GIVEN INFORMATION:
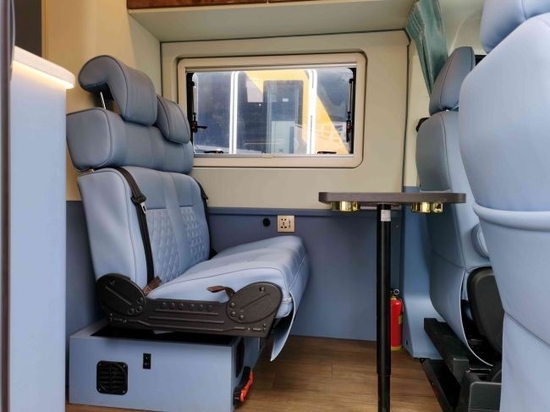 单从外观看去,B型房车就和我们常见的V90 (配置|询价)轻客一样。该车采用了高顶的设计,外观长度5.94米,宽度2.1米,高度2.55米,轴距3.76米,可以悬挂蓝牌在城市内行驶。
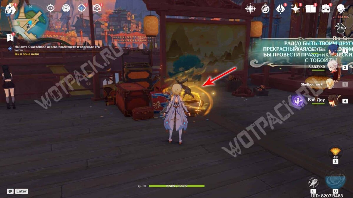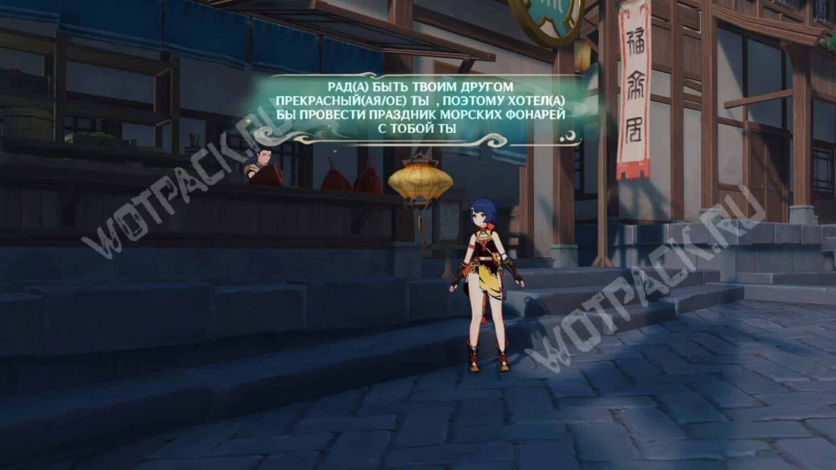 Нажав на иконку, убедитесь, что персонаж относится к активности «Волшебные фонарики», и встретьтесь с ним в обозначенной точке. Вместе подготовьте яркую открытку и прочитайте ее в небесном фонарике, чтобы действие засчиталось. Помимо теплых поздравлений, спутник оставит небольшой подарок — особое блюдо.
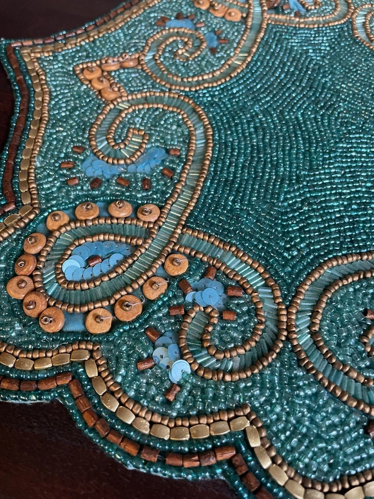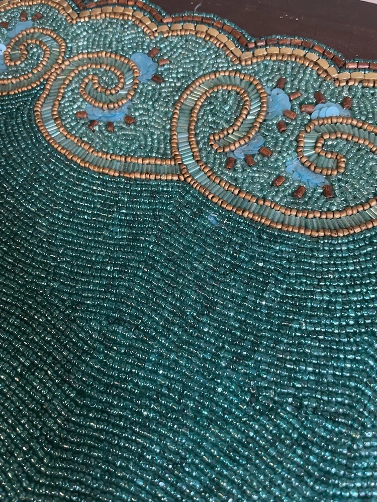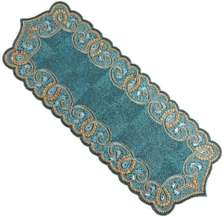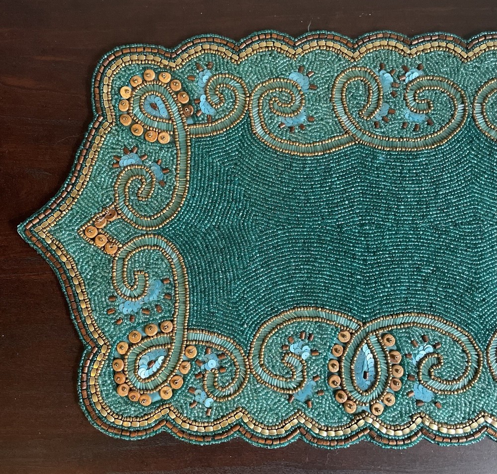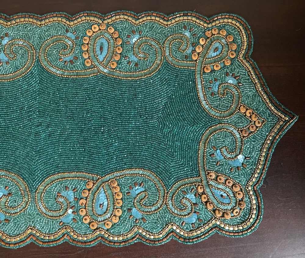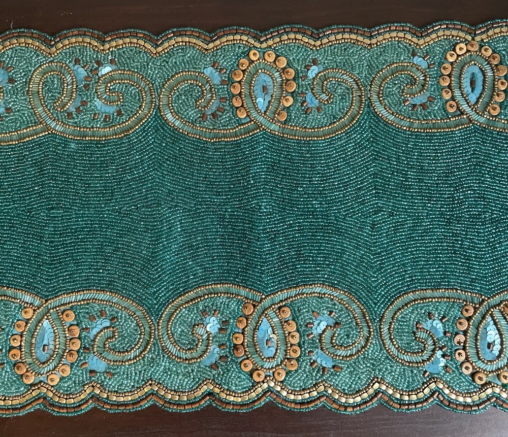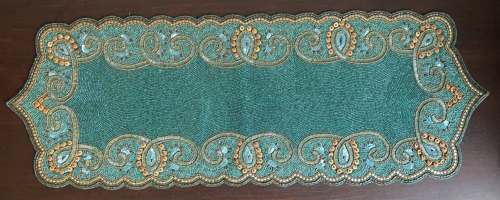 Pier 1 Teal Beaded Table Runner Great condition Size: 13” x 36”

BRIEF:
Omit the pictures, then set down all the remaining data exactly as given.

OUTPUT:
 单从外观看去,B型房车就和我们常见的V90 (配置|询价)轻客一样。该车采用了高顶的设计,外观长度5.94米,宽度2.1米,高度2.55米,轴距3.76米,可以悬挂蓝牌在城市内行驶。
 Нажав на иконку, убедитесь, что персонаж относится к активности «Волшебные фонарики», и встретьтесь с ним в обозначенной точке. Вместе подготовьте яркую открытку и прочитайте ее в небесном фонарике, чтобы действие засчиталось. Помимо теплых поздравлений, спутник оставит небольшой подарок — особое блюдо.
 Pier 1 Teal Beaded Table Runner Great condition Size: 13” x 36”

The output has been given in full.